En aquella ocasión éramos ocho, lo cual implicó sacarle las dos alas a la mesa, ya que, debido a un error de cálculo arquitectónico de Irv, que Irene se encargaba de recordarle periódicamente, el comedor era demasiado pequeño para acogernos a todos. Irene tuvo que apartar los sofás, mesas de centro y lámparas de pie y apretarnos en la sala, que ocupaba toda la parte frontal de la casa, desde la ennegrecida chimenea de piedra hasta la empinada y torcida escalera que conducía a los dormitorios. Cuando se mudaron de la casa de la avenida Inverness, se trajeron todas sus pertenencias, y ahora se pasaban la mitad del tiempo recolocando los muebles y tropezando con los escabeles. Habían comprado muchos muebles de diseño danés moderno en la época de apogeo de este estilo, y todo era cristal, cuero negro y formas abstractas de teca y caoba, mientras que el acabado interior de la casa consistía en suelo de abeto y paredes de nudosa madera de pino, amarillenta y astillada.
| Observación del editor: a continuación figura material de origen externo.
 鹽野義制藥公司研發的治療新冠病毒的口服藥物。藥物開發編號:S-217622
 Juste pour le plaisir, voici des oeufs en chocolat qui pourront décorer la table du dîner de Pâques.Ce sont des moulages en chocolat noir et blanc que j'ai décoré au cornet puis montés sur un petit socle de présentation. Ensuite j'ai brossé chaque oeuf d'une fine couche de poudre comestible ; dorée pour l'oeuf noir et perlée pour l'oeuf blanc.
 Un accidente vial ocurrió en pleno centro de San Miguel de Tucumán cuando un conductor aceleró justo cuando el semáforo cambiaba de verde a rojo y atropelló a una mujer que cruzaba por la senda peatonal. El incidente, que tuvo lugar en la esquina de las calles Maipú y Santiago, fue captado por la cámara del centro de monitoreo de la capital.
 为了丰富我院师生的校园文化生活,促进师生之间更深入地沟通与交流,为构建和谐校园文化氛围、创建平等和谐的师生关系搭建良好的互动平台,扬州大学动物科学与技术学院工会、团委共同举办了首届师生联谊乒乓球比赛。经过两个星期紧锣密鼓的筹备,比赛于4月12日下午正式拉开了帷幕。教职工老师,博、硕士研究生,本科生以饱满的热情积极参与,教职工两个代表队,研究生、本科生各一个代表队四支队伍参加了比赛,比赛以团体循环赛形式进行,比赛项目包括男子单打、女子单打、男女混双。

Irene siempre estaba amenazando con vender su mobiliario y comprar otro más apropiado, pero ya llevaban cinco años viviendo allí y no habían cambiado ni un simple cojín. Siempre pensé que para Irene mantener la casa repleta de recuerdos de la época de Pittsburgh obedecía a razones sentimentales y era al mismo tiempo su manera de protestar por la mudanza.
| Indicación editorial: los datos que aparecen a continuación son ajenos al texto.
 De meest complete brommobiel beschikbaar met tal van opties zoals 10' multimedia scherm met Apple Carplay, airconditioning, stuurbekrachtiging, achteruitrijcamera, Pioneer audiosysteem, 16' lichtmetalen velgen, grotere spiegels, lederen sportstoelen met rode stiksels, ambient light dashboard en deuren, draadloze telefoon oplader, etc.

Cuando James y yo entramos, Irv ya estaba sentado a la cabecera de la mesa, cerca de la chimenea, con un cojín del sofá en la silla, lo que le proporcionaba unos centímetros de elevación. Philly, con una camisa almidonada con el botón superior desabrochado y el erizado cabello repeinado hacia atrás a base de humedecerlo, ocupaba la silla situada a la izquierda de Irv. Ambos rebuscaban en una caja de zapatos llena de yarmulkas, esos gorritos que se ponen en la coronilla los judíos, leyendo las inscripciones y tratando de recordar las ceremonias en las que se habían utilizado. Oí los nerviosos susurros de Marie e Irene en la cocina, tranquilizándose mutuamente. Pero de las dos hijas de los Warshaw no había ni rastro. Debían de estar en el piso de arriba o en el exterior, hablando de sus cosas, conspirando o ayudándose a vestirse. Me estremecí ligeramente, lleno de malos presentimientos.
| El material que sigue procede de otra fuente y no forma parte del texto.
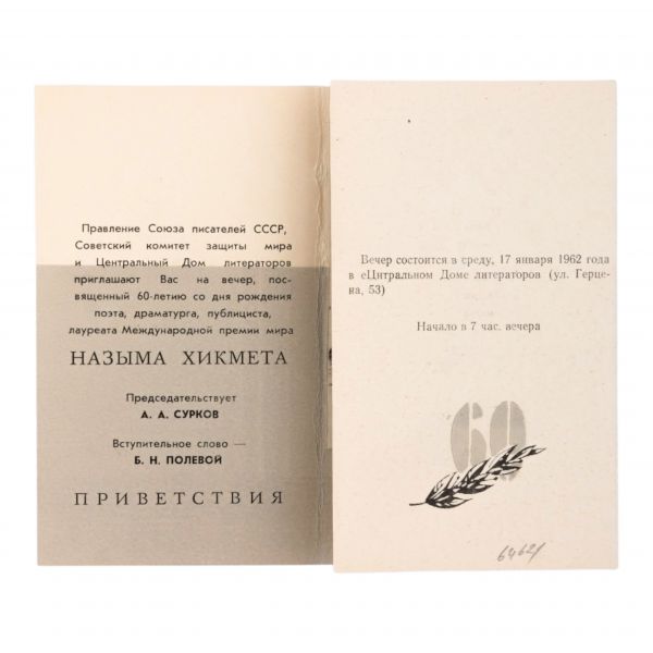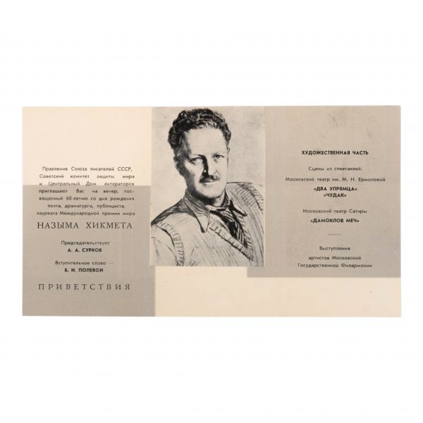 Nazım Hikmet için, SSCB Yazarlar Birliği Yönetimi, Sovyet Barış Komitesi ve Merkezi Edebiyatçılar Evi tarafından 1962 yılında düzenlenen; şairin 3 Haziran 1963’te, 61 yaşında vefat etmeden önceki son doğum gününden bir önceki yaşına denk gelen 60. doğum günü onuruna hazırlanan davetin programını içeren Rusça davetiye.

– Andrew… Ab… Andrew Abraham -deletreó Irv, que levantaba con el brazo extendido un gorrito púrpura y escrutaba con el ceño fruncido la inscripción semiborrada del forro-, no sé qué día… de julio de 1964. De tu primo Andy.

– ¿En serio?

– Chaval, lo recuerdo perfectamente. Fue en Buffalo. Había miles de mosquitos. Dios mío, fue horrible.